The issue pitted supporters arguing for compassion for those suffering from pain they say only cannabis can ease against opponents who contend the legislation would undermine public safety.
Sponsoring Sen. Bill Haine, D-Alton, argued the measure is one of the toughest in the nation. Haine said his bill does not reflect other states that have “sloppily” instituted medical marijuana laws.
“This bill is filled with walls to keep this limited,” said Haine, a former Madison County state’s attorney.
Sen. Kyle McCarter, R-Lebanon, raised concerns about lawmakers endorsing a product that classified as a controlled substance by the federal government, arguing marijuana is a gateway drug that could lead users to harder substances.
“For every touching story we have heard about the benefits to those in pain, I remind you today that there are a thousand time more parents who will never be relieved from the pain of losing a child due to addiction which in many cases started with the very illegal, FDA-unapproved addiction-forming drug that you are asking us to now make a normal part of our communities,” McCarter said.
The proposal would create a four-year trial program in which doctors could prescribe patients no more than 2.5 ounces of marijuana every two weeks. To qualify, patients must have one of 33 serious or chronic conditions — including cancer, multiple sclerosis or HIV — and an established relationship with a doctor.

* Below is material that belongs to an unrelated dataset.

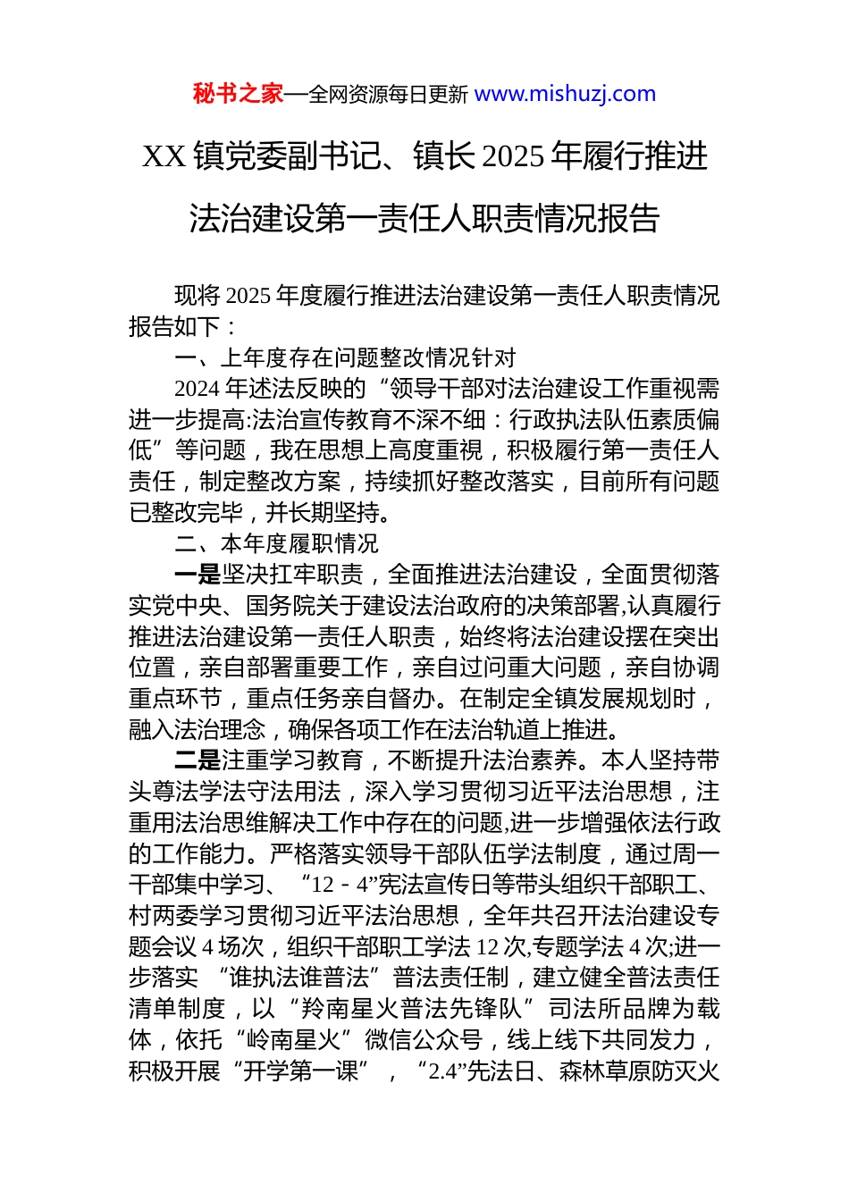 秘书之家—全网资源每日更新 www.mishuzj.comXX 镇党委副书记、镇长 2025 年履行推进法治建设第一责任人职责情况报告现将 2025 年度履行推进法治建设第一责任人职责情况报告如下:一、上年度存在问题整改情况针对2024 年述法反映的“领导干部对法治建设工作重视需进一步提高:法治宣传教育不深不细:行政执法队伍素质偏低”等问题,我在思想上高度重視,积极履行第一责任人责任,制定整改方案,持续抓好整改落实,目前所有问题已整改完毕,并长期坚持。二、本年度履职情况一是坚决扛牢职责,全面推进法治建设,全面贯彻落实党中央、国务院关于建设法治政府的决策部署,认真履行推进法治建设第一责任人职责,始终将法治建设摆在突出位置,亲自部署重要工作,亲自过问重大问题,亲自协调重点环节,重点任务亲自督办。在制定全镇发展规划时,融入法治理念,确保各项工作在法治轨道上推进。二是注重学习教育,不断提升法治素养。本人坚持带头尊法学法守法用法,深入学习贯彻习近平法治思想,注重用法治思维解决工作中存在的问题,进一步增强依法行政的工作能力。严格落实领导干部队伍学法制度,通过周一干部集中学习、“12-4”宪法宣传日等带头组织干部职工、村两委学习贯彻习近平法治思想,全年共召开法治建设专题会议 4 场次,组织干部职工学法 12 次,专题学法 4 次;进一步落实 “谁执法谁普法”普法责任制,建立健全普法责任清单制度,以“羚南星火普法先锋队”司法所品牌为载体,依托“岭南星火”微信公众号,线上线下共同发力,积极开展“开学第一课”,“2.4”先法日、森林草原防灭火秘书之家—全网资源每日更新 www.mishuzj.com等法治宣传教育,全年共组织法治宣传教育进学校、进农牧村、进机关等活动 28 次,参与干部群众 2000 余人次,发放普法宣传资料 3000 余份,发布音法短视频 8 条,阅读量3 万余次。三是坚持依法行政,着力提升依法履职效能。严格落实行政执法“三项制度”,以制度化规范化推动法治建设各项工作有序开展。结合涉企行政执法专项活动、优化法治化营商环境和“我为群众办实事”实践活动,深入开展纠正执法不公、随意执法、选择性执法等侵害群众利益问题专项整治工作,确保行政执法公开、公正、透明,全面落实行政执法人员资格管理制度,加强对执法人员的执法理论和执法业务培训,努力提高执法人员素质,目前全镇共有 6 名人员执有行政执法证。全年共开展执法检查 14 次,下发整改通知书 14 起。四是推进主动创稳、提升基层治理水平,坚持和发展新时代“枫桥经验”,聚焦邻里、家庭、债务、边界等纠纷、统筹综治中心、司法所、派出所、信访等部门协同配合,做到信息联通、矛盾联调、风险联控、命案联防;严格落实信访工作制、班子成员定期接访、变上访为下访的预防播施,明确重点信访问题领导包案、专班化解、镇村两级干部分级负责的工作责任制,进一步畅通信访渠道,规范信访程序,维护信访秩序,落实信访工作责任,健全及时就地解决群众合理诉求机制。三、存在问题一年来,我镇在法治政府建设上取得了一定的成绩,但对照法治政府建设的目标任务还存在一些问题和不足:一是开展法治宣传教育的力度还需要进一步加强,部分群众法律意识不强、法治观念淡薄,法治宣传教育在基层的渗透力不足,法治宣传在内容针对性、形式吸引力和传播覆盖面等方面存在短板;二是依法行政的能力和水平有待进一步提高,运用法治思维和法治方式处理复杂问题、化秘书之家—全网资源每日更新 www.mishuzj.com解矛盾纠纷的能力有待进一步提升,执法规范化水平与新时代法治建设要求存在一定差距;三是镇政府法治队伍建设仍然比较薄弱,虽然机构健全,但行政执法队伍中缺乏具备法律专业知识和实践经验的人才,导致执法水平参差不齐,执法证件的持有者数量有限,现只有 6 名干部持有执法证,难以满足当前行政执法工作的需要,影响了执法效率和公正性。四、下一步工作思路和主要措施一是强化精准普法,提升法治宣传渗透力。聚焦群众关心的婚姻家庭、邻里纠纷等高颊法律问题,以及青少年、老年人、社区矫正对象等不同群体开展“菜单式”普法。依托“xxx”’...

Patients would undergo fingerprinting and a criminal background check and would be banned from using marijuana in public and around minors. Patients also could not legally grow marijuana, and they would have to buy it from one of 60 dispensing centers across Illinois. The state would license 22 growers.
The measure drew strong opposition from the Illinois Association of Chiefs of Police and the Illinois Sheriffs’ Association, which sent a letter to the governor and lawmakers warning the proposal would not stop medical marijuana card holders from driving while under the influence. They suggested blood and urine testing be included in the legislation to allow police to determine whether card holders had marijuana in their system while driving.
Haine argued the law has safeguards to prevent that, including designating on a driver’s license whether they use medical marijuana.
The Senate vote was 35-21, with 30 needed to pass the bill. It goes to Quinn, who has not indicated whether he will sign it. The Democratic governor recently said he is open minded to the legislation.